International Security
- Discipline: International and national security, International relations
- Language: English
- Edited by: Steven E. Miller

Publication details
- History: 1976–present
- Publisher: MIT Press for the Belfer Center for Science and International Affairs (United States)
- Frequency: Quarterly
- Impact factor: 4.135 (2017)

Standard abbreviations
- ISO 4: Int. Secur.

Indexing
- ISSN: 0162-2889 (print) 1531-4804 (web)
- JSTOR: 01622889
- OCLC no.: 44911437

Links
- Journal homepage; Online access; Online archive;

= International Security (journal) =

International Security is a peer-reviewed academic journal in the field of international and national security. It was founded in 1976 and is edited by the Belfer Center for Science and International Affairs at Harvard University and published four times a year by MIT Press, both of Cambridge, Massachusetts. The current editor-in-chief is Steven E. Miller (Harvard).

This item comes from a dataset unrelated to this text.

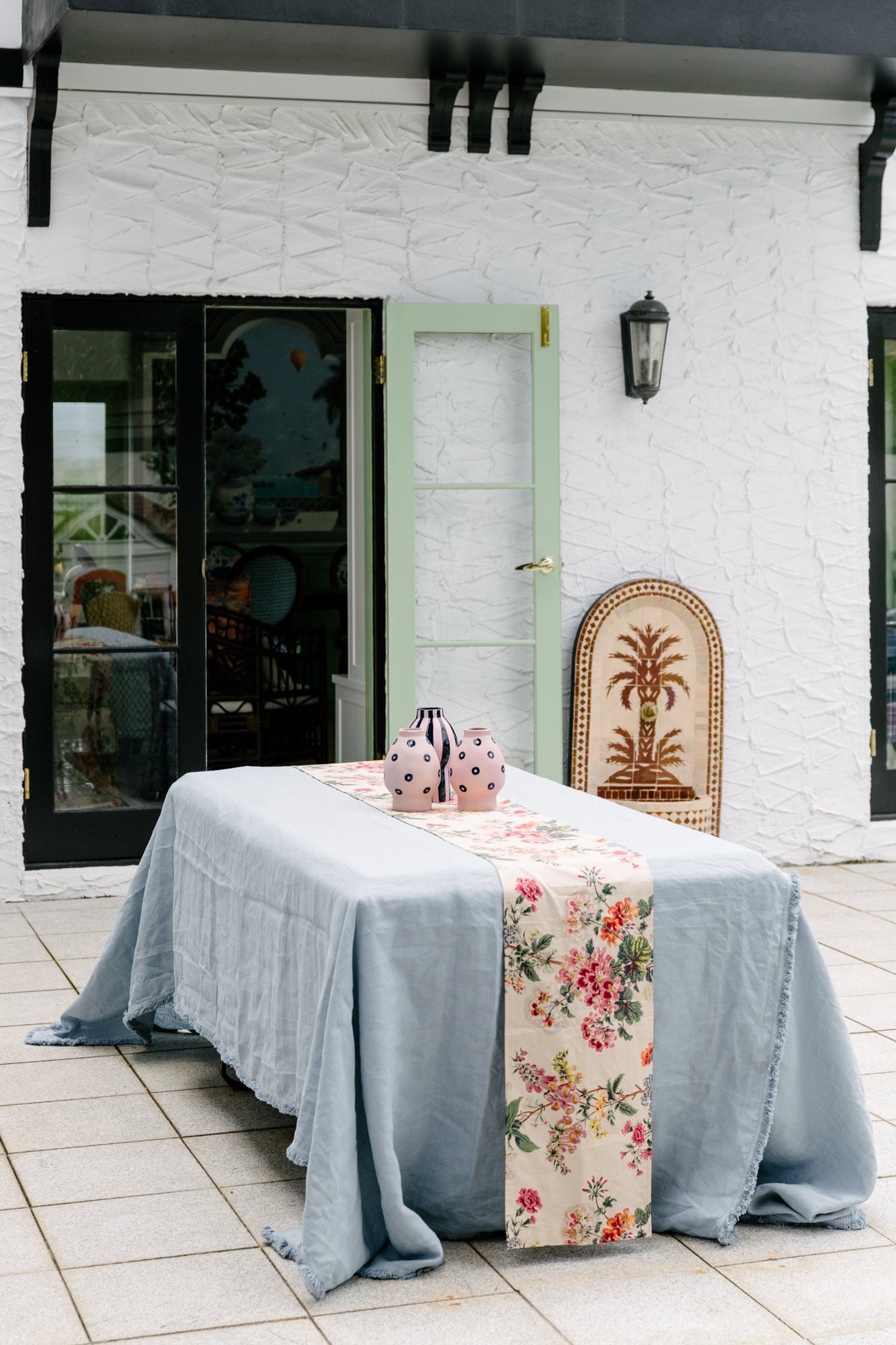 A beautiful blue 100% linen table cloth with sweet edge fringing. This is the perfect neutral blue cloth that works all on its own or to create a layered and eclectic table use is with out mixed napkin sets for a unique look.

International Security is among the leading journals in the field of international relations. According to Journal Citation Reports, it has a 2017 impact factor of 4.135, ranking it 2nd out of 85 journals in the category "International Relations". Along with Security Studies, it is among the most prominent journals dedicated to security studies. Articles in International Security tend to deploy qualitative methods, in particular qualitative historical analysis. Articles are also more likely to include policy prescriptions than other leading IR journals.

The first article in International Security was Hedley Bull's "Arms Control and World Order."